Milosevic fue subiendo peldaños como apparátchik protegido
por el presidente de la Liga de los Comunistas Serbios, Ivan Stambolic, hasta
que llegó el día en que se sintió con fuerzas de derribar a su mentor. Trece
años después, en septiembre pasado, Stambolic desapareció sin dejar rastro. El
entorno del viejo Stambolic no alberga dudas de que la orden de secuestrarle y
probablemente matarle partió de quien había sido su protegido. Pero los
cadáveres dejados por el camino por Milosevic se cuentan por centenares de
miles.
En 1989, cuando los regímenes comunistas de Europa central y
oriental caían uno tras otro, el líder serbio fue capaz como ningún otro en la
región de ofrecer al aparato comunista una alternativa ideológica, el nacionalismo,
para mantener una legitimidad entre las masas que con la marxista-leninista ya
era insostenible. Los elementos existían. Eran los resentimientos interétnicos
de la región, reprimidos pero no superados bajo Tito, y los agravios generados
en la federación yugoslava a Serbia, que, siendo la mayor república, no tenía
mayor peso que las demás. Milosevic tenía el mensaje y llegado al poder se
encargó de que fuera el único, con la depuración sistemática de todos aquellos
en los medios de comunicación y la Administración que no se adhirieran a su
campaña para la hegemonía política, económica y étnica de los serbios, primero
en Kosovo, después en toda Yugoslavia. Sabía que el Estado federativo no
sobreviviría a esta política. Pero jamás le importó. En perfecta sintonía con
su mujer, se erigió en caudillo del despertar nacional serbio mientras ella,
profesora de marxismo-leninismo, conseguía la adhesión inicial de los viejos
comunistas yugoslavistas en el Ejército al proyecto nacionalista de venganza
histórica contra los pueblos vecinos y a la conquista territorial para la
creación de un nuevo Estado, étnicamente puro, que se extendería por todos los
territorios ex yugoslavos con presencia serbia.

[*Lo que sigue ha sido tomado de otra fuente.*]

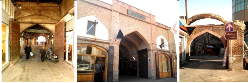
درب خیابان (خیابان قاپیسی)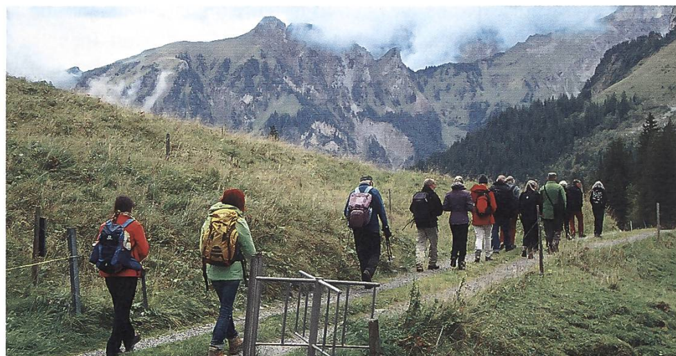
Exkursion auf der Alp Gitschenen in Isenthal UR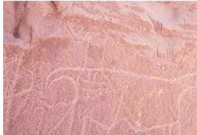
Figura N° 22 Petroglifos quebrada del Túnel

Se destacan figuras geométricas, humanas y de camélidos. Resalta la figura de un camélido en actitud de correr (Servicio Nacional de Turismo, 2012).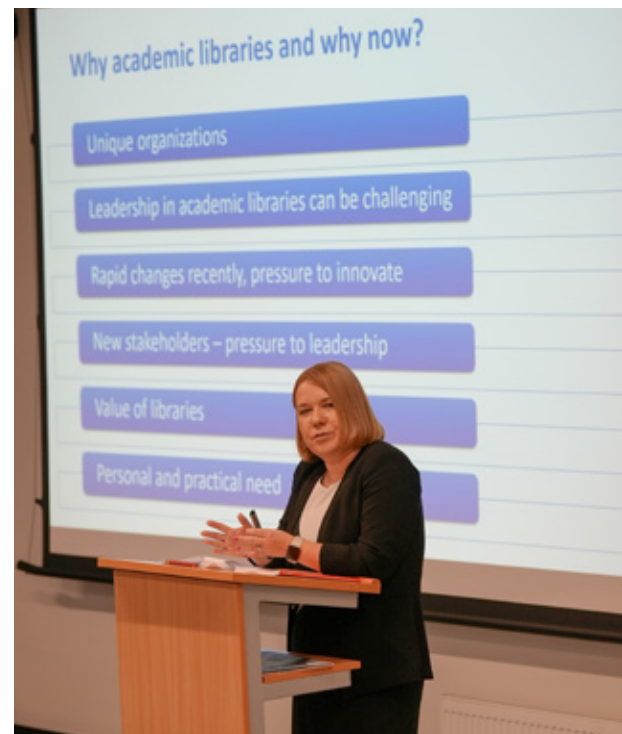
Doktoritöö kaitsmine 24.10.2024

El mensaje decimonónico y
sentimental de la nación unida en origen y destino, en lucha contra el enemigo
exterior, cuajó en la sociedad serbia. Y sus efectos sobrevivirán a Milosevic.
Pero Milosevic, al contrario que el caudillo croata Franjo
Tudjman, que se creía sus soflamas sobre el pueblo elegido, ha sido siempre tan
poco nacionalista como comunista, budista o monje trapense. Su única ideología
ha sido siempre el poder. Por eso jamás le costó, tras sucesivas derrotas en
Eslovenia, Croacia, Bosnia y Kosovo, hacer cargar con las consecuencias de sus
errores a su propio pueblo. Porque la vida de un serbio, de los muchos que han
caído por su culpa, le importan tan poco como las vidas de los croatas, bosnios
o albaneses que mandó matar.
Dice el embajador estadounidense Max Zimmermann, que le
trató mucho, que no cree posible que exista nadie que mienta con semejante
frialdad y procacidad. También hay que reconocer que durante años muchos se
dejaron engañar por él, y no sólo la gran mayoría de los serbios, sino también
los diplomáticos y dirigentes occidentales. El viernes apareció en televisión
para felicitar al nuevo presidente, Vojislav Kostunica, al que hace unos días
llamaba lacayo de Occidente y traidor a la patria. Dice que quiere dedicarse
más a su familia y que seguirá en política. Lo segundo es un deseo que es de esperar
los serbios sepan evitar. Y a su familia se ha dedicado siempre. Su hijo Mirko
ha amasado una fortuna como uno de los capos de la mafia creada por
el sátrapa para pagar lealtades.
Ahora Milosevic parece sugerir que deja el poder y que no
pasa nada. Vuelve a mentir. Su presencia en libertad en Serbia es incompatible
con una transición democrática y un insulto a sus víctimas. El único destino
justo para él es el banquillo de los acusados ante un tribunal. Eso en caso de
que pueda soportar la pérdida del poder, lo único que ha querido siempre, y no
decida que, sin éste, su vida no vale la pena.